Die Neuartigkeit des Forschungsansatzes ist die Verbindung der
unscharfen Informationsstrukturen, die mit Textanalysemethoden
aus der dokumentbasierten Informationswelt der
Bauausführungsseite rekonstruierbar sind, mit den konsistenten,
logisch exakten Informationsstrukturen der Produktmodelle und
Produktdatenmodelle. Das Forschungsvorhaben verbindet dabei
Methoden aus dem Bereich der semantischen Textauswertung, der
Wissensstrukturen in objekt-orientierten Produktdaten- und
Produktmodellen und der Konfiguration von Belief-Netzwerk, um
Projektwissen in anfragespezifischen Wissenslandkarten zu
repräsentieren und probabilistisches Schlußfolgern über die in
den Dokumenten enthaltene implizierte Wissensstruktur
durchführen zu können.
Leider stehen Produktmodelle (Vereinfachend wird, wenn
Produktdaten- und Produktmodell gleichzeitig angesprochen
werden, nur das Produktmodell genannt.) für die Bauausführung
in absehbarer Zeit nicht zur Verfügung, während hingegen
Produktmodelle für die Planung kurz vor der breiten
Markteinführung stehen. Daher ist die Forschung auf die Nutzung
der Produktmodelle der Planung konzentriert. Für die Anwendung
bedeutet dies jedoch, dass die Produktionsaspekte und die
Zeitdimension fehlen und nur gesichertes Wissen über das
Endprodukt, wie es geplant wurde, selbst vorliegt. Daher kann
die Unschärfe der aus den Dokumenten abgeleiteten
Informationsstrukturen nicht gänzlich ausgeglichen, sondern nur
deutlich reduziert werden. Diese verbleibende Unschärfe soll
explizit modelliert werden, damit sie zum einen den Nutzer
bewusst wird und zum anderen, bei Schlussfolgerungen im
Informationsnetz, um Wissen zu rekonstruieren, explizit
berücksichtigt werden kann. Hierzu soll die
Belief-Network-Methode untersucht werden, d. h. die
analysierten Informationsstrukturen werden auf
Vertrauensnetzwerke abgebildet. Damit ist es möglich, die
Genauigkeit der durch die Textanalyseverfahren ermittelten
Wortzusammengehörigkeiten (Informationsstrukturnetz) durch
Vertrauenszahlen zu quantifizieren und sie vor allem mit den
aus dem Produktmodell ermittelten Zusammengehörigkeiten,
entsprechend ihrer unterschiedlichen Zuverlässigkeit gewichtet,
zu vereinen.
Es ergeben sich somit drei Ebenen der Modellierung und
Auswertung:
1. Dokumenten-Ebene (Teilschritt 1)
2. Produktmodell-Ebene (Teilschritte 2 und 3)

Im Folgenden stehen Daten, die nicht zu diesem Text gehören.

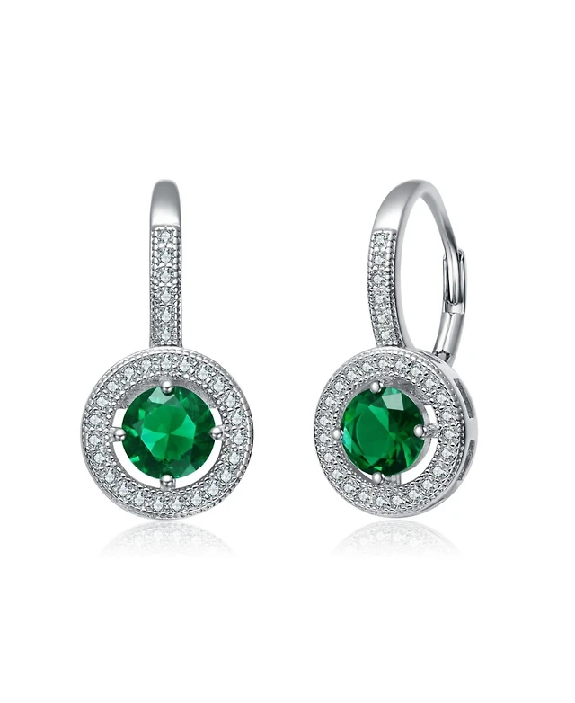 Vintage Rhodium-Plated Halo Earrings Sterling Silver with Green & Cubic Zirconia
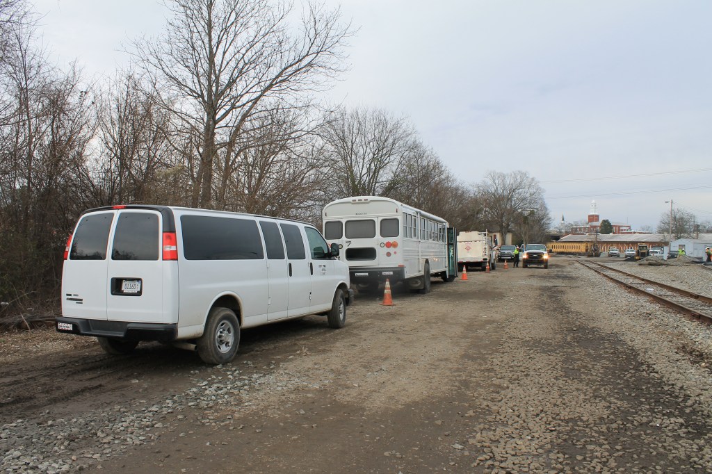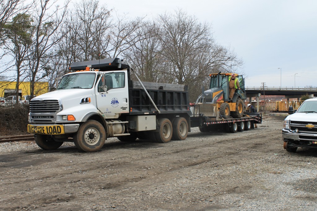 The Kershaw ramp is nothing more but a surplus intermodal flat that the railroad suppliers for Kershaw to mount its patented Scorpion Ramp assembly. The name comes from how it unrolls, similar to how a Scorpion rolls up its tail when moving. A small diesel engine mounted under the flatcar runs a hydraulic pump that powers the hydraulic pistons that unfurl the ramp. unfolds with the pull of a few levers, latches on to the rail automatically and is ready for use in less than an hour. The equipment could then immediately run the ramp and load onto the transport flats. This eliminated hours of hand building a loading ramp, eliminated the extra equipment and weight and literally revolutionized the flexibility of the gang transport trains. The ramp had rails flanked by wheel plates and could load both rail borne and rubber-tired vehicles. I watched a CSX gang load in less than two hours including tying down equipment on their transport flats. Since they camped in hotels, the need to break down camp was unnecessary. They were “one and done” at a blistering pace compared to what we faced on T&S 1 in the 1990s. CSX literally loads everything from the machines, to backhoes, grapple trucks, contractor dump trucks, trailers and even pickups, crew vans and buses. If the ramp is placed at a road crossing, everything can be unloaded at one and in the order to immediately begin production.

3. Erfahrungsebene (Teilschritte 4 und 5)
Die mit diesen drei Ebenen verbundenen Ziele des Vorhabens
sollen im folgenden einzeln dargestellt werden.
Dokumenten-Ebene
Dokumente geben das Ergebnis einer bestimmten granularen
Aktivität der Planung, Ausführung oder Überwachung innerhalb
eines Bauvorhabens wieder.
In einem ersten Schritt sollen auf Dokumentenebene die
eingehenden Dokumente mit den linguistischen Methoden der
Textauswertung nach Schlüsselwörtern und Themenbereichen
ausgewertet und jedes neu erzeugte Dokument, so indiziert,
abgelegt werden. Somit ist ein erstes Informationsstrukturnetz
initialisiert. Aufgrund der mangelhaften Struktur, die derzeit
den Datenstrukturen für technische Zeichnungen zugrunde liegt,
wollen wir uns stärker auf Textdokumente konzentrieren.

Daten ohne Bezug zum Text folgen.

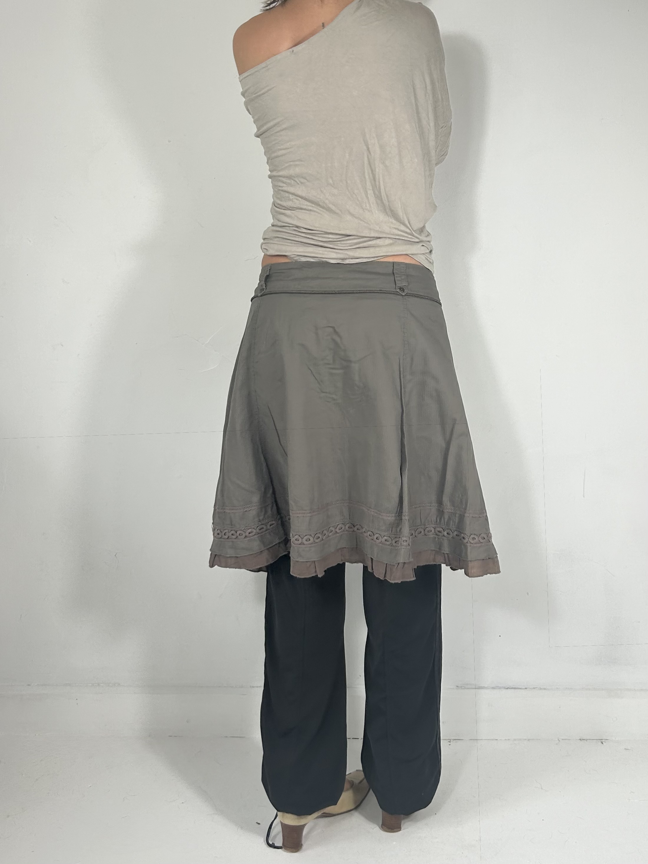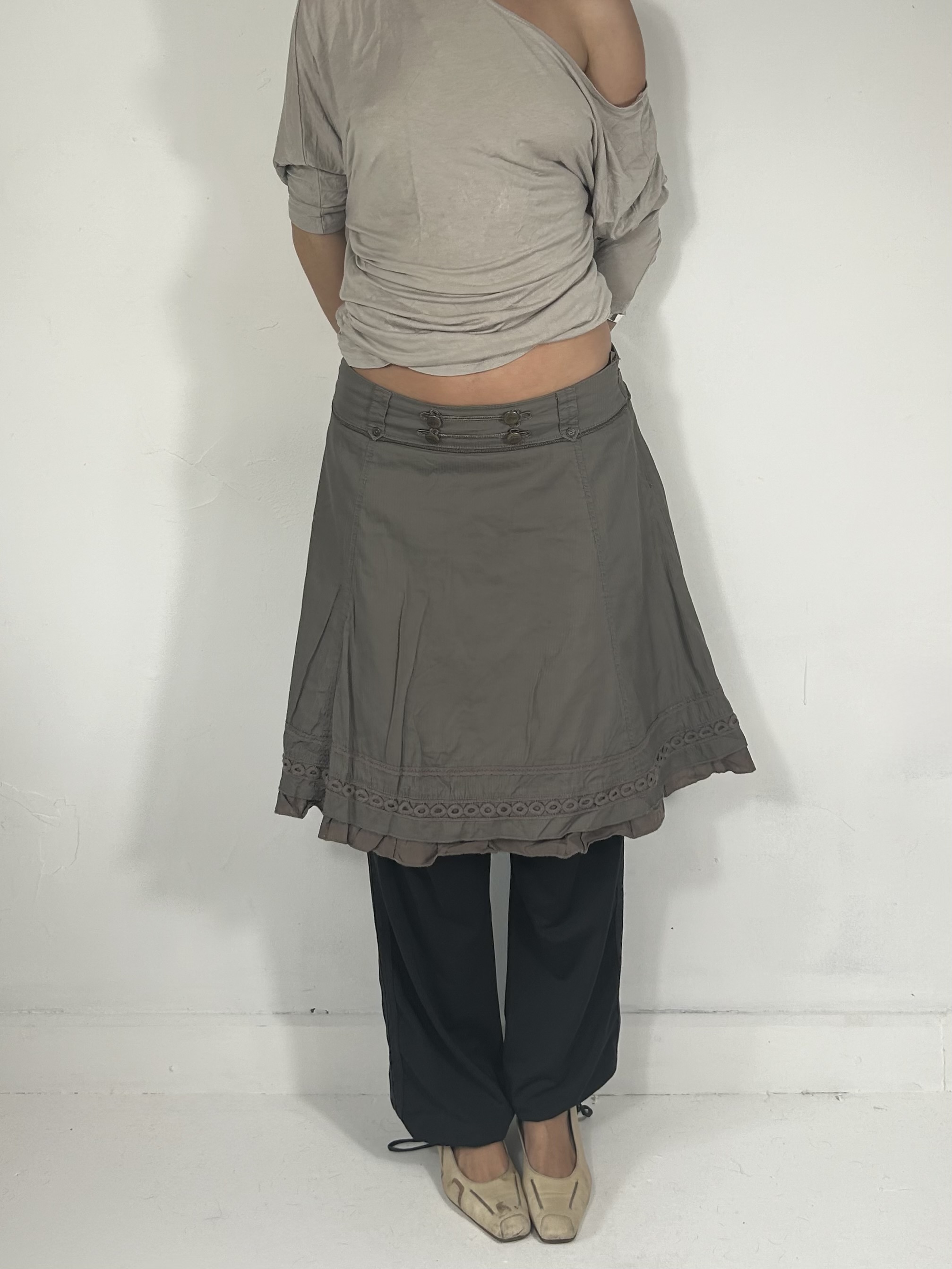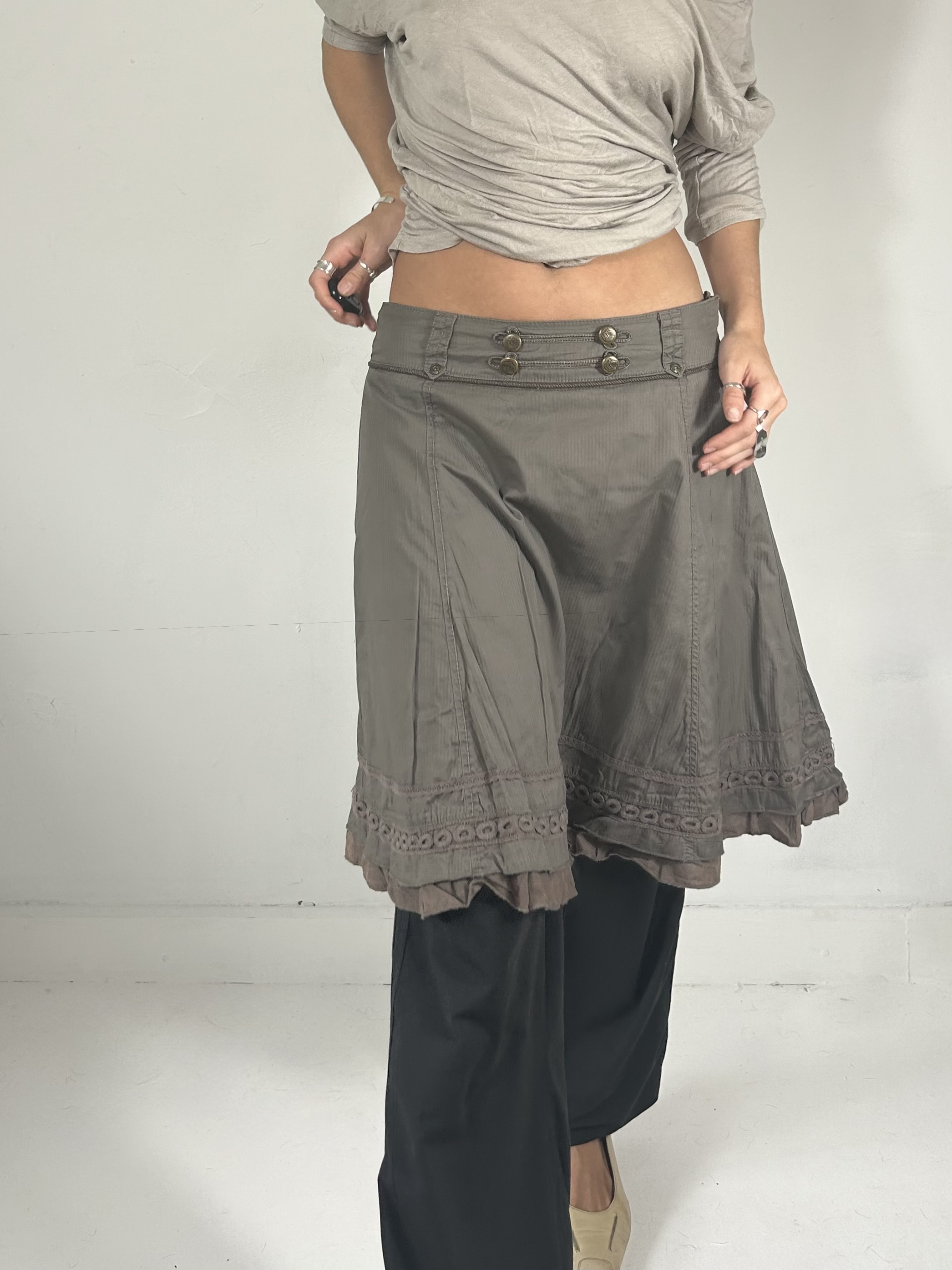 Khaki canvas midi skirt with military button detailing and ruch hem

Über diese technischen Aspekte hinausgehend, ist jedoch auch
eine prinzipielle Erweiterung der Schlüsselwortanalyse von
Dokumenten nötig. Die Zuschärfung der vorhandenen Verfahren der
allgemeinen Textanalyse auf das spezifische Gebiet Bauwesen
erfordert eine größere Trennschärfe bei der Extraktion der
Schlüsselwörter. Es ist eine bauspezifische Erweiterung der
Lexika der Textanalysemethoden vorzunehmen.
Produktmodell-Ebene
Das Ziel auf dieser Ebene ist, das punktuelle Wissen
(abgeleitet aus Baudokumenten) in Kontextwissen (abgeleitet aus
Produkt- und Produktdatenmodellen) einzubetten und damit einer
höheren Aussagefähigkeit zuzuführen. Dies ist damit die
zentrale Komponente des Forschungsansatzes.
Ziel des Vorhabens in diesem Zusammenhang ist es, ein Verfahren
zu finden, das eine Menge von Schlüsselwörtern, die von der
erweiterten Textanalyse (siehe Ziele Dokumentenebene)
extrahiert und grob in Begriffshierarchien vorstrukturiert
wurden, in fachspezifische Gruppen bzw. Cluster von Themen
unterteilt, die untereinander in Beziehung stehen. D. h. die im
Produktdatenmodell vorhandenen Schemata und Relationen werden
zur Verbesserung der Strukturierung des Informationsnetzes aus
der reinen Textanalyse genutzt (Teilschritt 2).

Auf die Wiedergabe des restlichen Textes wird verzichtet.